Sharepoint - Difference between claim based authentication and classic windows authentication

The big difference with claims based authentication is that you can easily (well it is still SharePoint) add other providers.

For example you can add another provider and being able to sign in with your google account, live-id, linkedin account etc etc.

Claims-based identity allows you to factor out the authentication logic from individual applications. Instead of the application determining who the user is, it receives claims that identify the user.

In software, this bundle of claims is called a security token. Each security token is signed by the issuer who created it. A claims-based application considers users to be authenticated if they present a valid, signed security token from a trusted issuer.

Both from http://msdn.microsoft.com/en-us/library/ff359101.aspx which is a great introduction


SharePoint Foundation supports the following types of authentication and the advantage with claim based authentication is that it supports systems that are non Windows based.

  • Windows: IIS and Windows authentication integration options, including Basic, Digest,(NTLM), and Kerberos. Windows authentication allows IIS to perform the authentication for SharePoint Foundation. This is also referred to as “classic mode authentication”. This approach has a number of disadvantages such as. This approach is not future proof and unsuitable for environments such as extranet, inter-organization, or situations where the domain may not be accessible or there may be many domains in play.
  • Claims based authentication: The claims-based identity is an identity model in Microsoft SharePoint that includes features such as authentication across users of Windows-based systems and systems that are not Windows-based, multiple authentication types, stronger real-time authentication, a wider set of principal types, and delegation of user identity between applications. When a user signs in to SharePoint, the user's token is validated and then used to sign in to SharePoint. The user's token is a security token issued by a claims provider.

You can find the entire article here.


What I believe is the major difference is that with classic mode, you login directly, and if you need to be authenticated to a second server, it's not possible (you need to be logged in to this second server first -> new login screen). You will find that this is still often done but in that case the second connection is done under a different account (with privileges specifically for the resource, for instance).

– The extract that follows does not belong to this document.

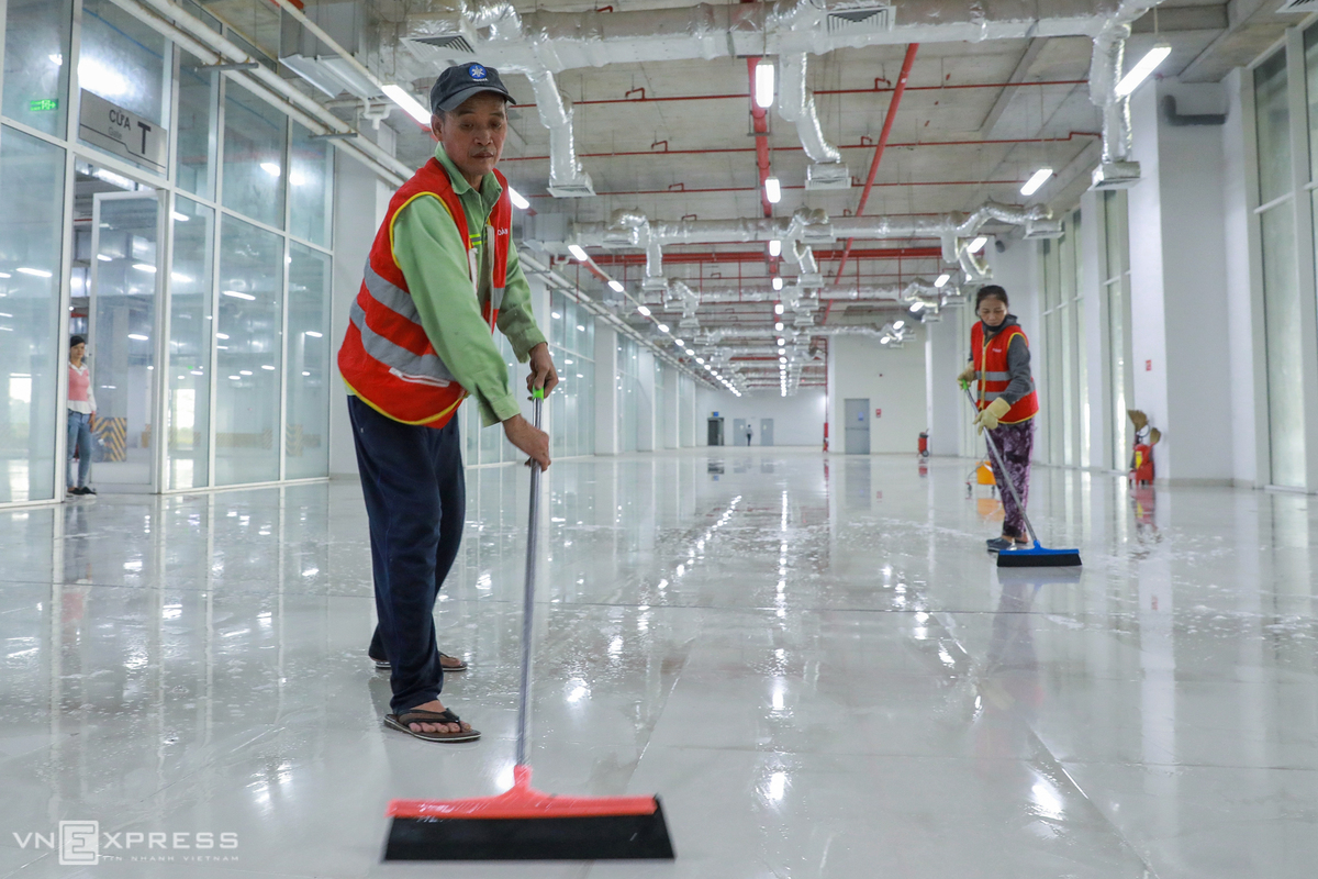 Bên trong tòa nhà, các công nhân tiến hành lau chùi nền gạch.
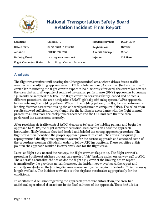 On 26 April 2011 a Boeing 737-700 being operated by Southwest AL on a scheduled passenger flight from Denver to Chicago OHare failed to stop within the paved area of runway 13C at alternate Chicago Midway in normal ground visibility and finally stopped just under 70 metres from the end of the runway in grass to the left side of the installed. The aircraft incurred only minor damage and none of the 139 occupants were injured. Passengers were eventually disembarked using steps and bussed to the Terminal.

With claims, you authenticate, you get a claims token and that is passed around to whoever needs it, and you are authenticated to this second server automatically without another login screen. Given that the server trusts your secure token service (whom initially authenticated you).

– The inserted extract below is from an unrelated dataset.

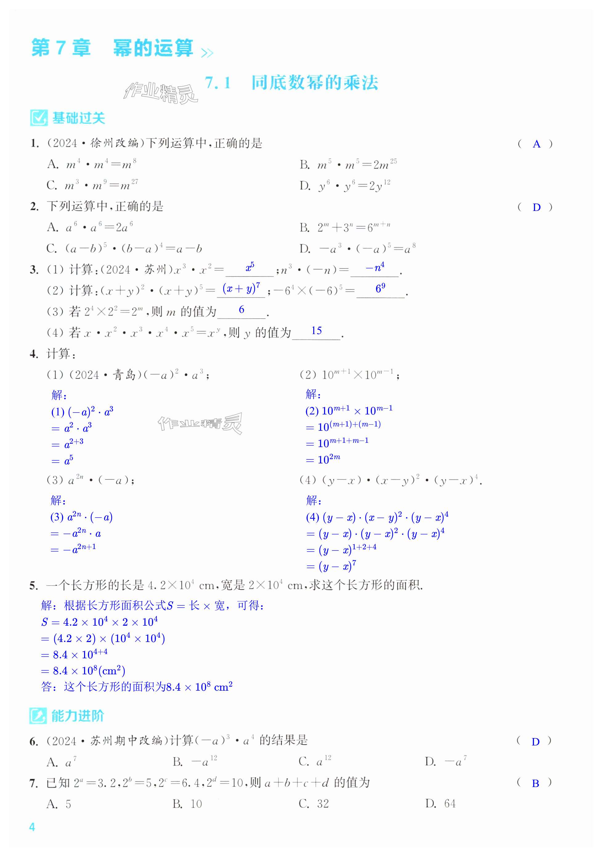 注:目前有些书本章节名称可能整理的还不是很完善,但都是按照顺序排列的,请同学们按照顺序仔细查找。练习册 2025年通成学典课时作业本七年级数学下册苏科版苏州专版 答案主要是用来给同学们做完题方便对答案用的,请勿直接抄袭。
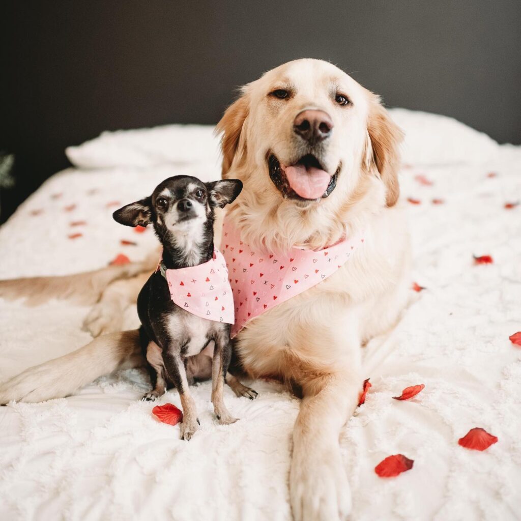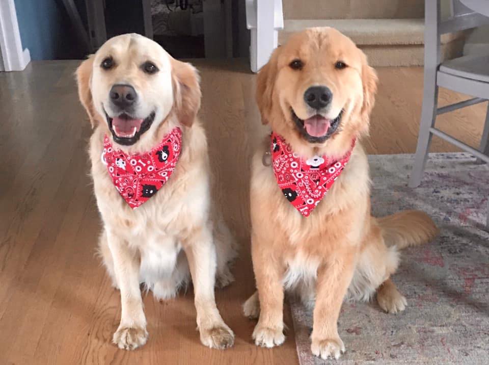 About: Reversible pet bandanas in sizes XS-L. They are secured closed with velcro.

I may have the details wrong but in theory but this is generally how it works.

Claims and Kerberos are similar, but they differ in the technicalities.

Important part:

  • Kerberos delegation — If the client authenticates with the front-end service by using Kerberos authentication, Kerberos delegation can be used to pass the client's identity to the back-end system.
  • Claims — claims authentication allows the client's claims to be passed between services as long as there is trust between the two services and both are claims-aware.
  • Claims authentication, like Kerberos authentication, can be used to delegate client credentials but requires the back-end application to be claims-aware.